Hey Alex,

> - Getters, setters: with ECMAScript 5 supporting them, qxoo should migrate to 
> them. Using obj.foo instead of obj.getFoo() would be great. I also wonder if 
> some of the getXXX() methods of the Qooxdoo API could not be turned into 
> (possibly read-only) properties, then. Cocoa API listings look very clean, 
> because they often use properties (I don’t program Cocoa, but it looks like 
> all of their binding stuff is based on them).
I would love to do that but as long as we have a single browser that does not 
support the __defineGetter__ and __defineSetter__ stuff you talk about, its 
just not possible. Whole qooxdoo is based on events which rely on the fact that 
we can execute code when a property is written.

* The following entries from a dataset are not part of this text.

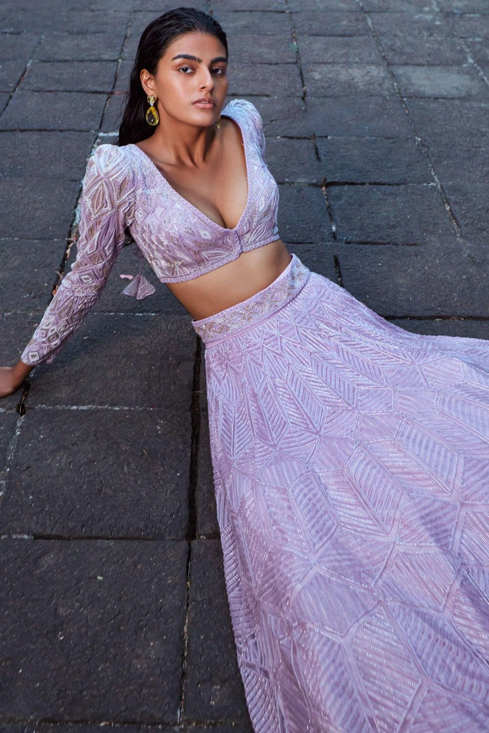 This elegant lavender hand embroidered lehenga set comes with a fully embroidered full sleeved blouse. The statement shoulder & V neck adds a modern element to the lehenga. Style this set with chandbalis for a sangeet.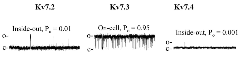 Syntaxin 1A expressed with KCNQ2 homomeric channels resulted in a 2-fold reduction in macroscopic conductance and 2-fold slower activation kinetics.[58]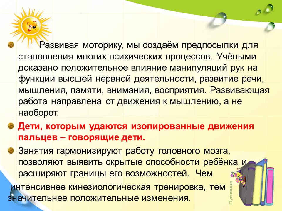 - Проведение работы над уточнением зрительных, слуховых, осязательных, двигательных ощущений.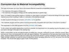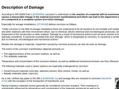 According to DIN 50900 Part 1 [DIN50900], corrosion is understood as the reaction of a material with its environment, which causes a measurable change in the material (corrosion manifestation) and which can lead to the impairment of the function of a component or a complete system (corrosion damage). Especially for sewage installations, [ATVM168] defines corrosion as follows: "Under corrosion in the field of sewage installations there are understood …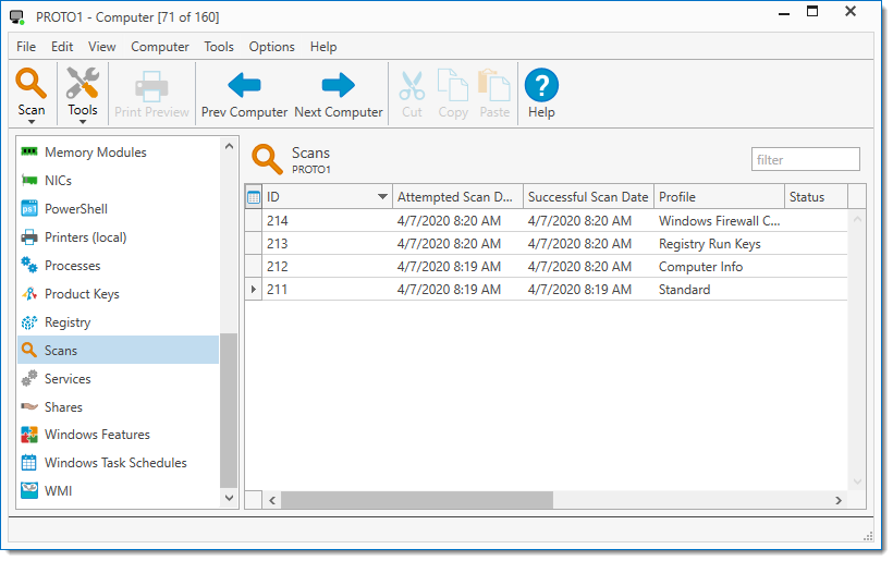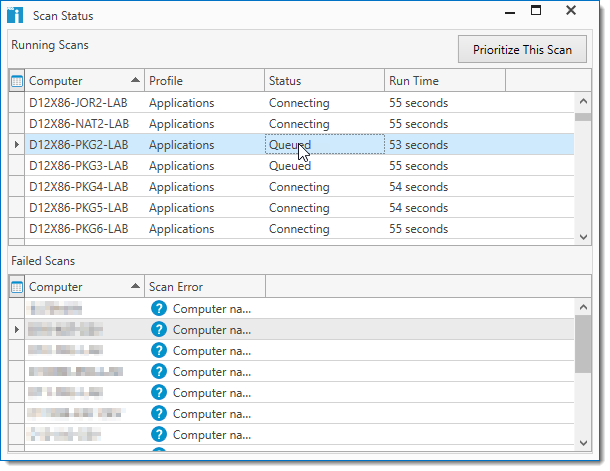 You can view the status of scans in progress, find information about failed scans, view other scan-related data on any collection page, and prioritize scans, in the Scan Status window, and in the Computer window on the Scans page. When scans fail, PDQ Inventory helps you diagnose the problem by providing a reason for the failure and a link to the failed scan More Info window. For details, see More Info: Failed Scans.

> - Invoking super methods: Currently, you need "arguments" to go to super. In 
> the upcoming strict mode, arguments.callee will be forbidden, which makes the 
> current qxoo solution impossible. How about the Prototype.js solution of 
> introducing an additional parameter $super (only) if you want to call super 
> (which I have stolen in [1])?
This is a topic we are aware of but haven't made up our mind how we want solve 
that. Maybe thats something like that, maybe its just referencing the super 
class with an absolute path. Don't know yet.

> - Singletons are a construct from class-based languages that are not 
> necessary in JavaScript. Instead, you can directly create objects. I’m 
> guessing qxoo has introduced them to support infrastructure such as events(?)
Singletons are a well known pattern in software engineering. I'm not a big fan 
of them either but I would not say that we don't need them. Sure you can have 
singletons using other ways in JavaScript but still, no reason to drop the 
support. 

> - Doing prototypal inheritance: I don’t think it would change much of 
> Qooxdoo, if it went completely prototypal (see [1]), but it would be truer to 
> JavaScript’s foundations.
If the only reason is to be more like JavaScript, its really not worth to 
change such a big thing. Currently the system works as designed and there has 
to be really good reasons to chance something so elementary in the framework. 
If every app developed with qooxdoo has to change only a single line, its 
really not easily changed.

> - CommonJS modules: everyone seems to use them (especially node.js). Any 
> plans for Qooxdoo?
Do you really want to trade a dynamic dependency analysis for self maintained 
modules? I don't think that this would help qooxdoo much. Sure its just a hype 
thing but I guess qooxdoo would not benefit from moving to modules.